**Task instructions**
Your task is to copy exactly the lines from the line containing "Mynd 3. Horft til NNV eftir skurði nr. 3." through the end of the listing below, with pictures left out.

**Provided data**

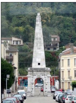
Pyramide du cirque romain
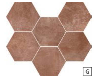
R55S Epoca Cotto Rosso 21x18,2
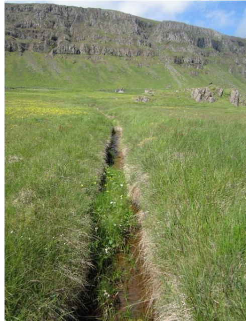
Mynd 3. Horft til NNV eftir skurði nr. 3.
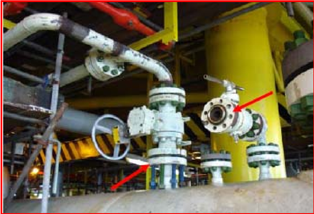
Flooding, cleaning, gauging and caliper survey equipment set up on platform การจัดเตรียมความพร้อมของอุปกรณ์สำหรับการทำความสะอาดและทดสอบระบบท่อส่งก๊าซฯ แล้ว

**Written reply**
Mynd 3. Horft til NNV eftir skurði nr. 3.
Flooding, cleaning, gauging and caliper survey equipment set up on platform การจัดเตรียมความพร้อมของอุปกรณ์สำหรับการทำความสะอาดและทดสอบระบบท่อส่งก๊าซฯ แล้ว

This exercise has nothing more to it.